Now, if these same people who are demanding more and harder tests were also the same ones demanding full, adequate, and equitable funding for schools, I'd be more amenable to their arguments. Unfortunately, however, these folks -- like Duncan -- don't ever put school funding at the top of their lists of policy preferences.
I've heard a lot of crowing from certain quarters about how great it is that Trenton is getting a new high school in 2019. Certainly, the kids deserve it... but why did it take so long when high school kids in Trenton have been attending a school that is dirty and dangerous for years?
The infamous "Waterfall Staircase" at Trenton Central.
And what about all the K-8 schools in Trenton that are in need of repair and renovation? Where is any urgency to address this?
A couple of years ago I gave a presentation to the Trenton Education Association. Here's one of the slides:
Why are plant costs so much higher in Trenton? Because it costs much more to maintain old buildings that weren't properly cared for over the years. TPS is playing a constant game of catch up. Why?
Because the district has been underfunded millions less than what the state's own law says it needs.

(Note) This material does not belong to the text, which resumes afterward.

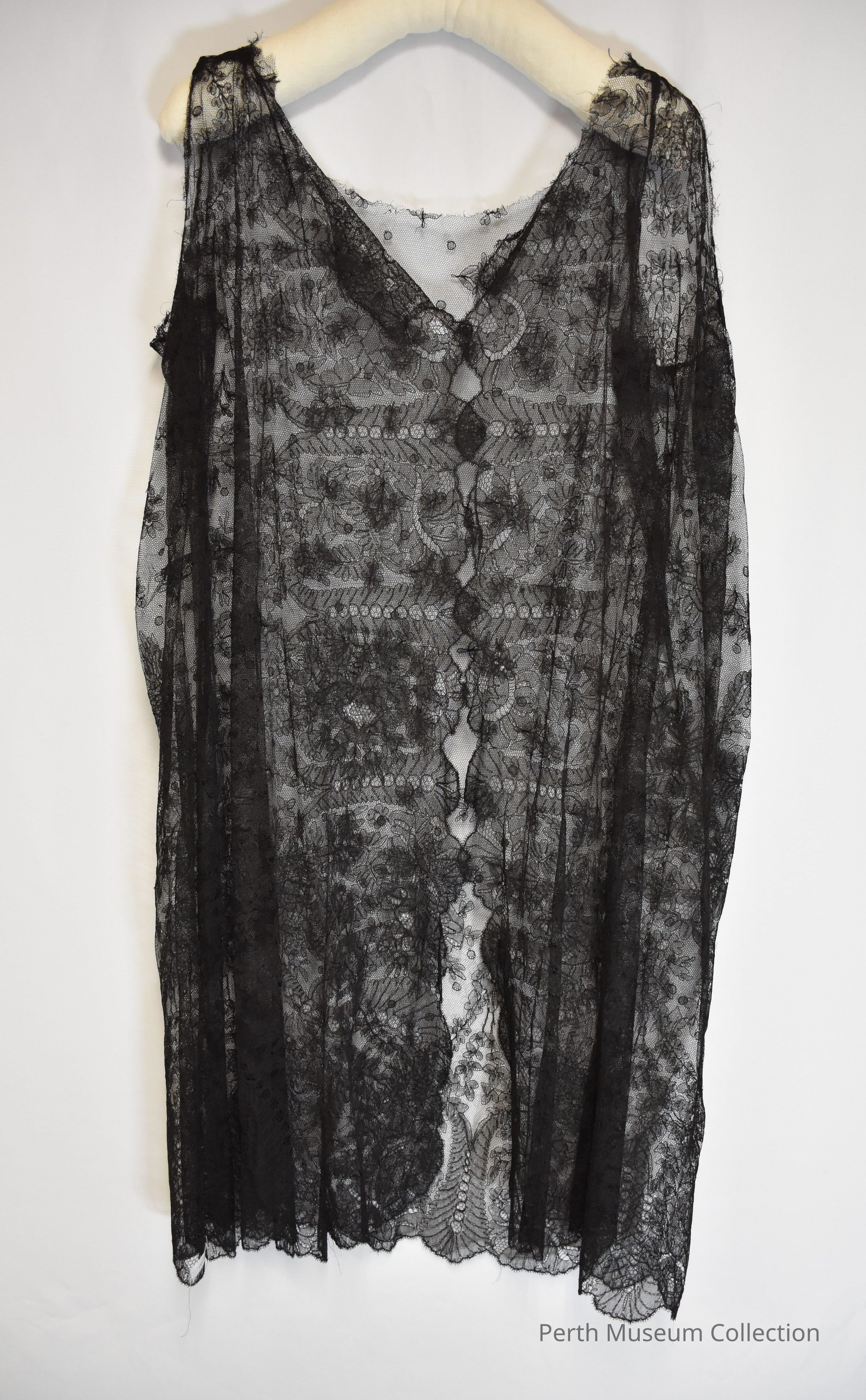 Slip or unfinished dress of black net lace, has no sleeves. The scalloped front edges close with snaps. The bottom is also scalloped.
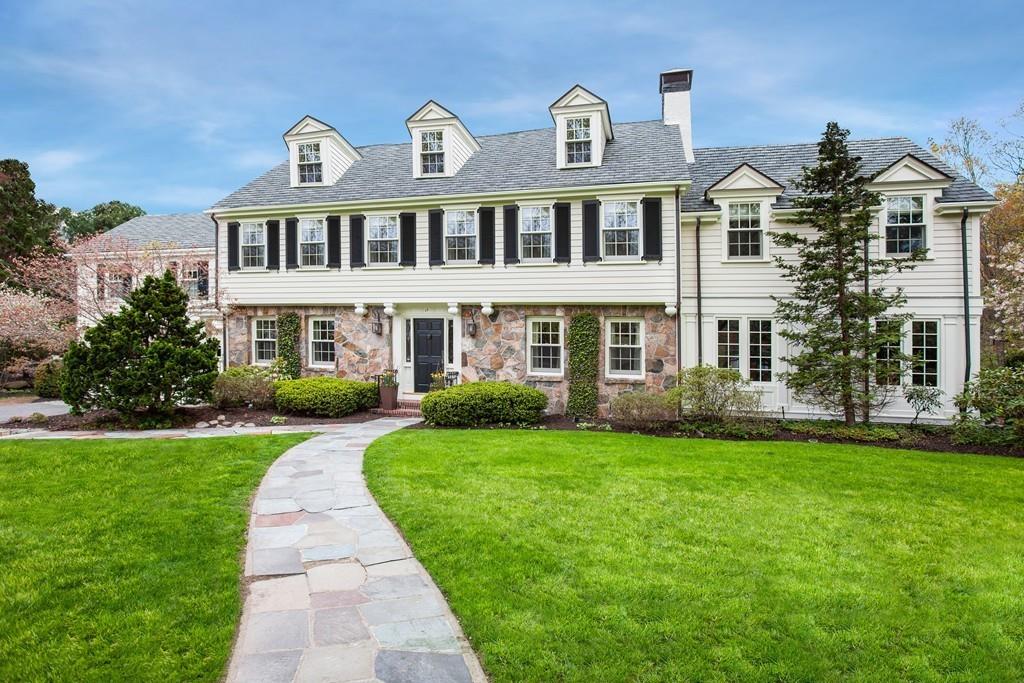 This exceptionally updated and expanded colonial is set on over an acre of land and conveniently located in one of Wellesley's most desirable neighborhoods. Custom-designed for entertaining, the property is flooded with natural light and offers the utmost privacy. The main level of the home features an expansive chef's kitchen with walk-in pantry and a fireplaced family room with oversized windows - both overlooking the lush backyard & expansive patio w/ fireplace. Elegant living & dining rooms, imported mahogany paneled study, sun room w/ radiant heat, butler's pantry, powder room and a large mudroom with custom built-ins complete the first floor. The second floor offers a serene master suite with vaulted ceiling, 5 generous bedrooms - all en-suite - a large laundry room w/ 2 sets of washers / dryers, a private office with custom built-ins, and a stunning balcony overlooking the spectacular property. The third floor includes a guest/au pair suite w/ bedroom, full bath, study/bonus space and cedar closet. There is also a finished lower level with recreation space for all ages. Quiet Wellesley Hills neighborhood with close proximity to train, commuting routes, top-rated schools and shops.

Again: if the folks demanding harder tests were proposing that Trenton, and all other districts, got the funding they needed to at least generate average test outcomes, I'd at least say they were being honest about what it takes to close the opportunity gap. But no -- what we get from them instead is school "choice" and finger-pointing at unions and test-based teacher evaluation and a lot of other stuff that has never been shown to work and/or been brought up to scale... and in some cases actually drains more money away from the schools serving the most disadvantaged students.
This kids in Trenton are telling us the their education is not equivalent to the schooling kids in the Windsors and Princeton receive. We don't need more tests to tell us that -- the kids themselves are saying it.
The only question left is: what are we going to do about it?